## THE PROBLEM
An exact copy of each line below is needed, with no images in it.

## COLLECTED DATA
"""
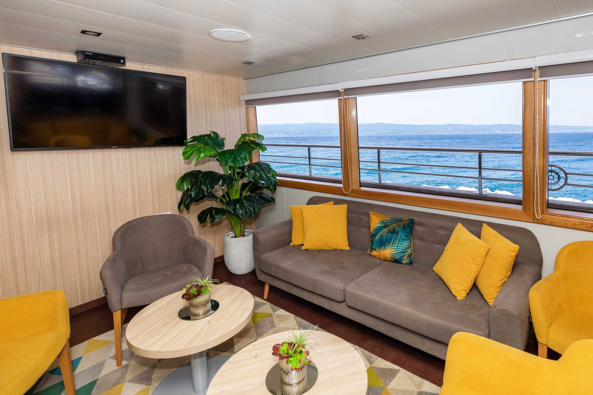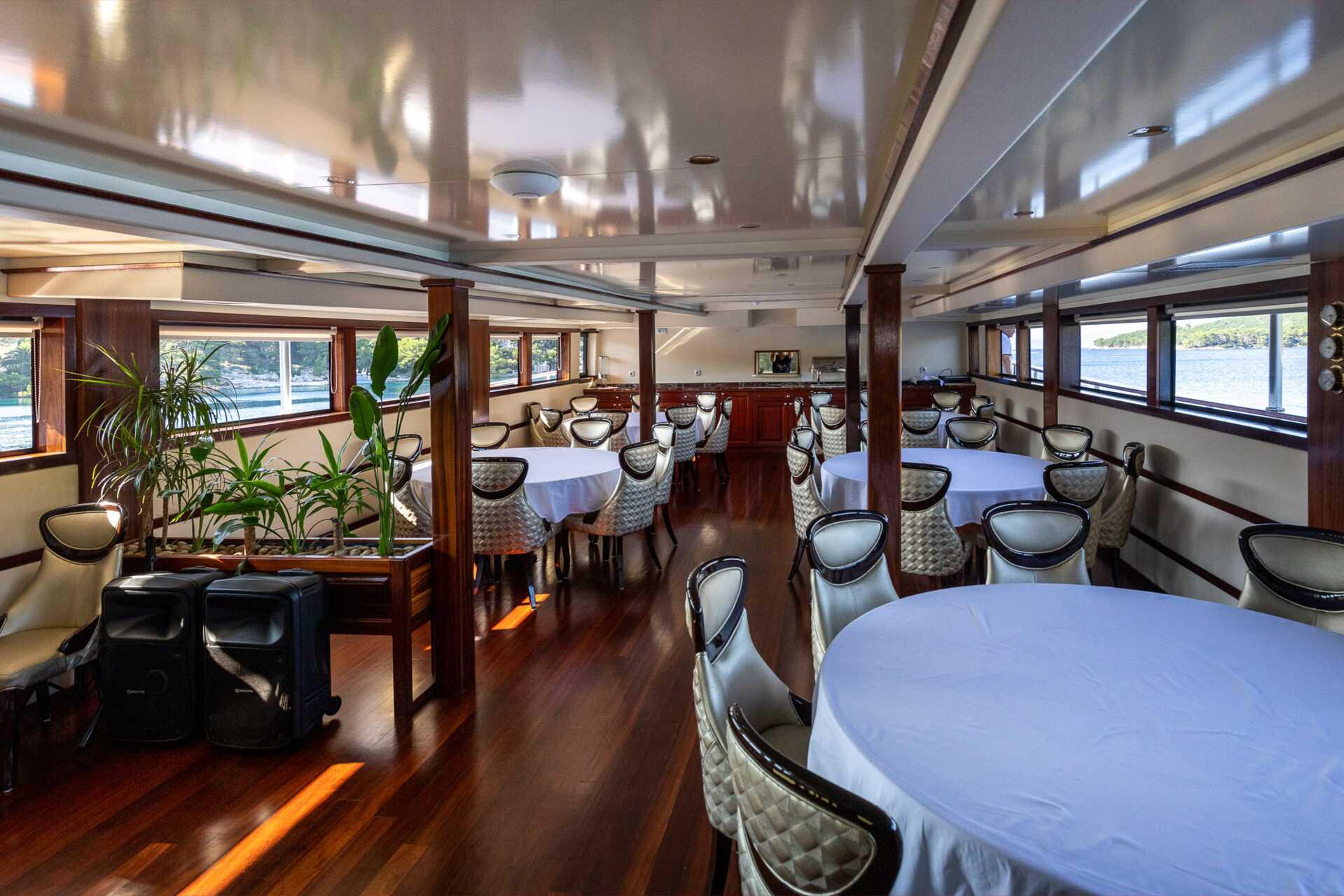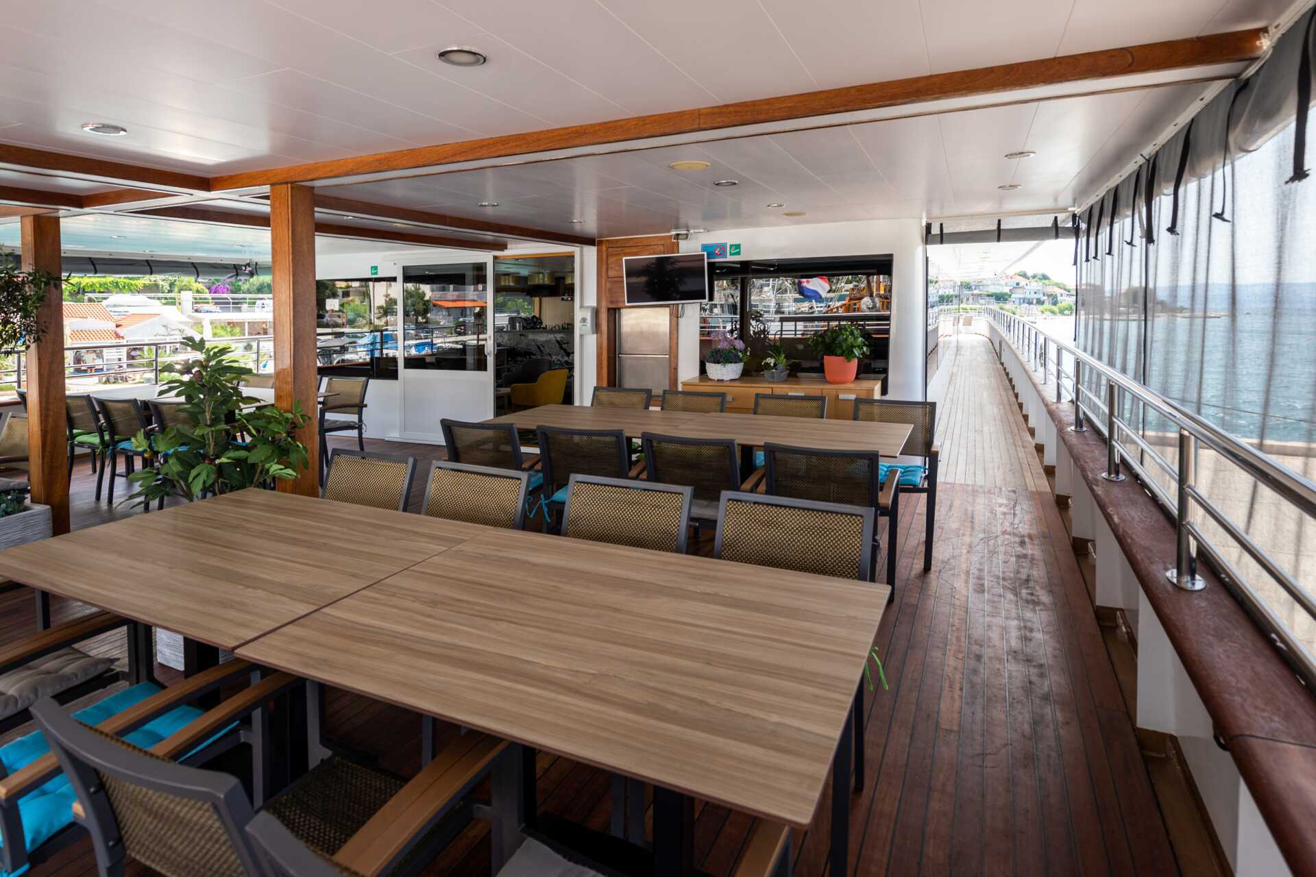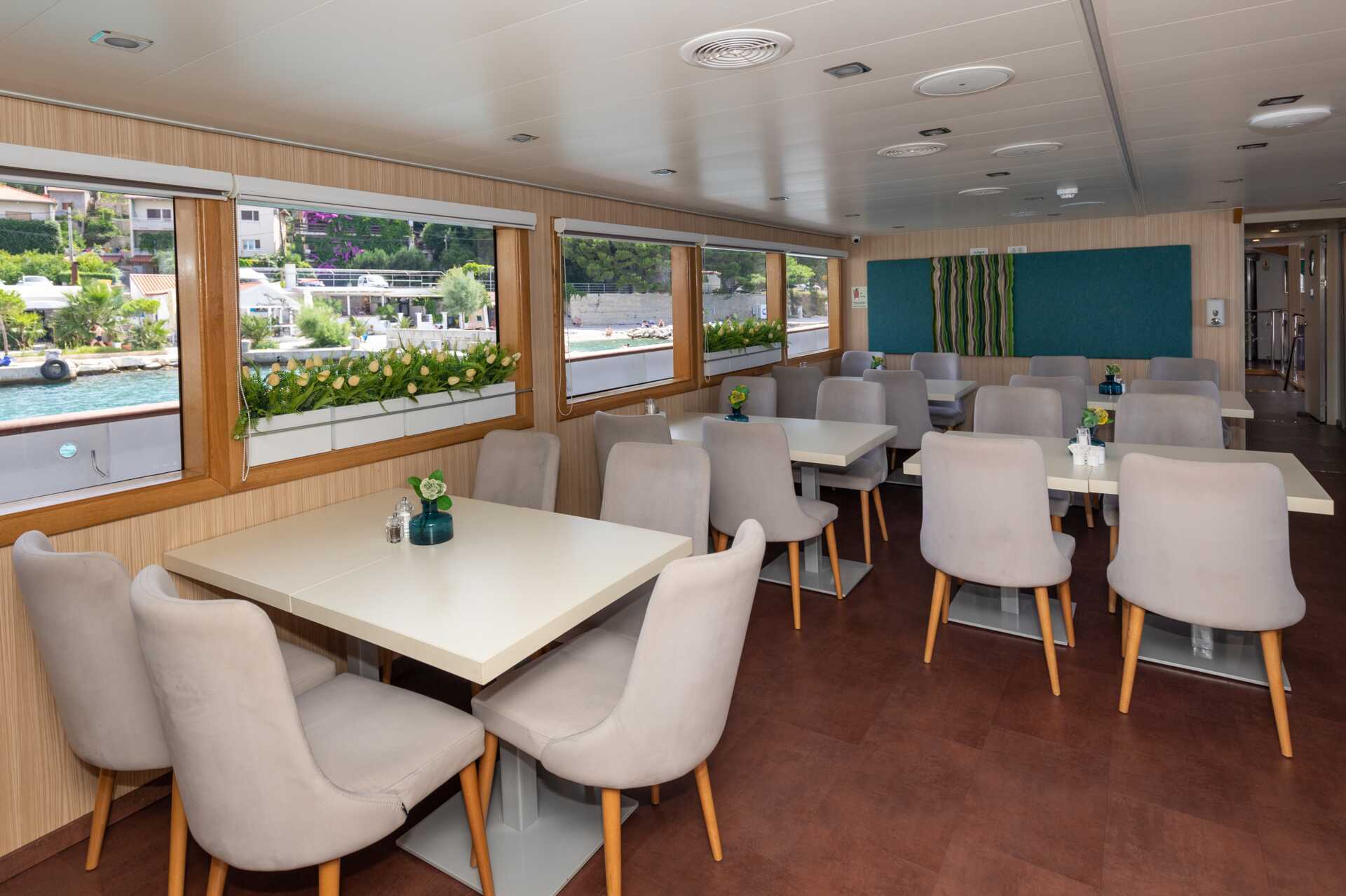Yläkerrassa on suuri ravintola, jossa on oleskelutila. Ravintola jatkuu ulkona kannella, joten voit nauttia sekä aamiaisen että lounaan ulkona. Buffetaamiaisella tarjoillaan päivittäin tuoretta leipää ja lounaalla on tarjolla paikallisia annoksia ja salaattibaari. Panoraamaikkunoista on aina mahdollisuus nähdä ulos merelle ja saaristoon. Ravintolassa on ilmastointi ja maksuton wifi ja tv.
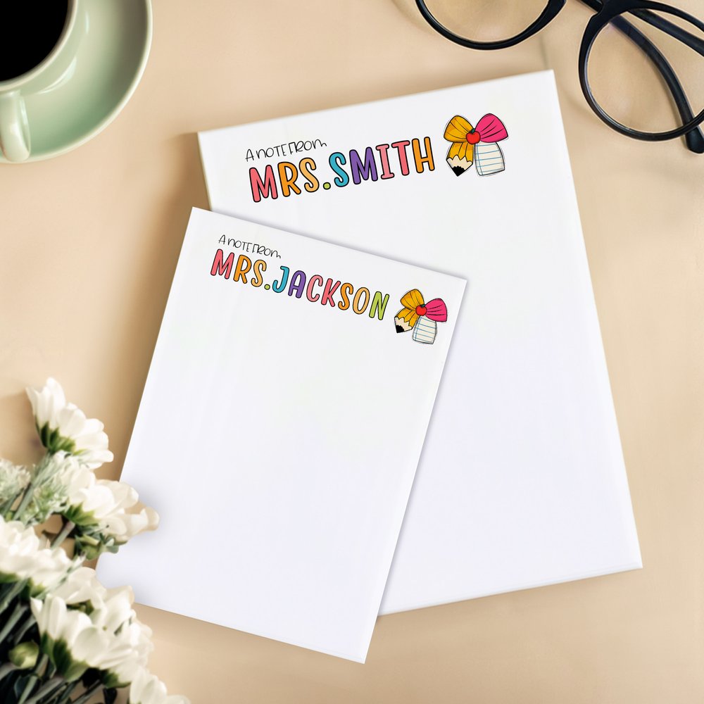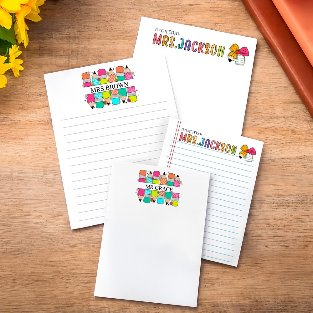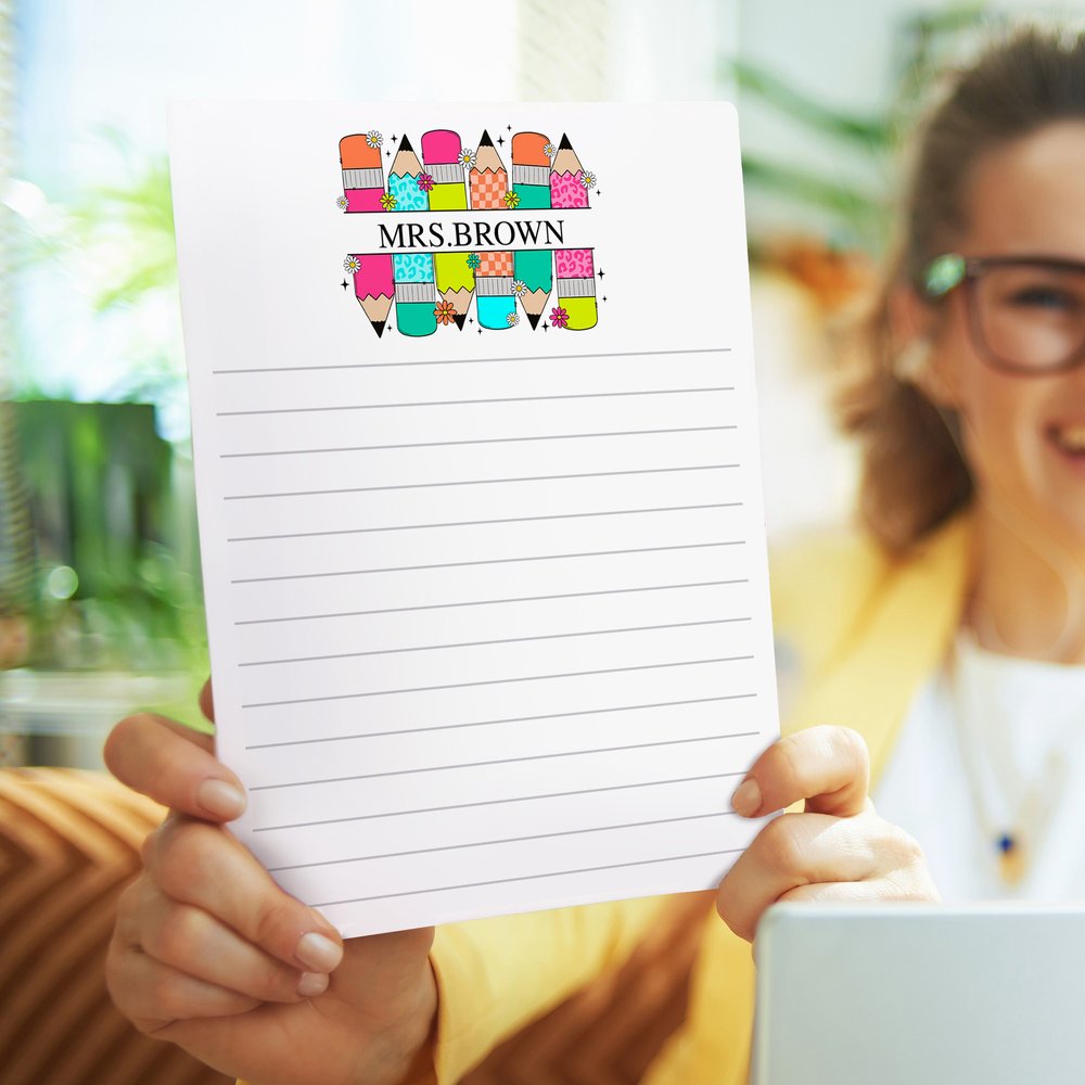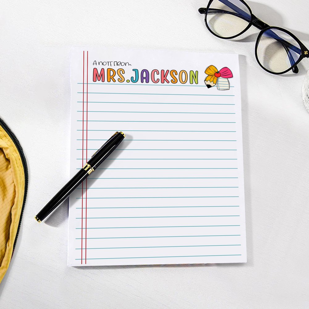 Conçu à l'intention des enseignants, ce bloc-notes est disponible non seulement en version lignée ou vierge, mais aussi en version crayon ou arc. Il peut être personnalisé avec votre nom, offrant ainsi un espace clair et organisé pour vos écrits, ce qui en fait une pièce unique.
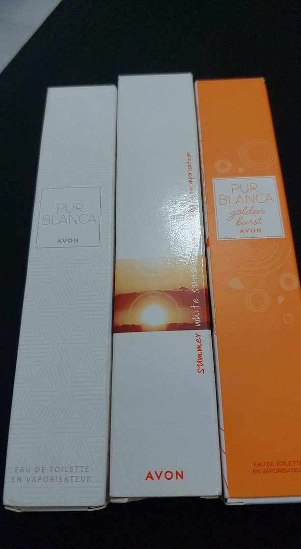 Avon Pur Blanca kadınlar için Eau de Toilette parfümü, şık kutularda, ferah ve çiçeksi kokulara sahip. Klasik ve Golden Burst seçenekleriyle sunulur.
"""
## TASK RESULT
Yläkerrassa on suuri ravintola, jossa on oleskelutila. Ravintola jatkuu ulkona kannella, joten voit nauttia sekä aamiaisen että lounaan ulkona. Buffetaamiaisella tarjoillaan päivittäin tuoretta leipää ja lounaalla on tarjolla paikallisia annoksia ja salaattibaari. Panoraamaikkunoista on aina mahdollisuus nähdä ulos merelle ja saaristoon. Ravintolassa on ilmastointi ja maksuton wifi ja tv.
 Conçu à l'intention des enseignants, ce bloc-notes est disponible non seulement en version lignée ou vierge, mais aussi en version crayon ou arc. Il peut être personnalisé avec votre nom, offrant ainsi un espace clair et organisé pour vos écrits, ce qui en fait une pièce unique.
 Avon Pur Blanca kadınlar için Eau de Toilette parfümü, şık kutularda, ferah ve çiçeksi kokulara sahip. Klasik ve Golden Burst seçenekleriyle sunulur.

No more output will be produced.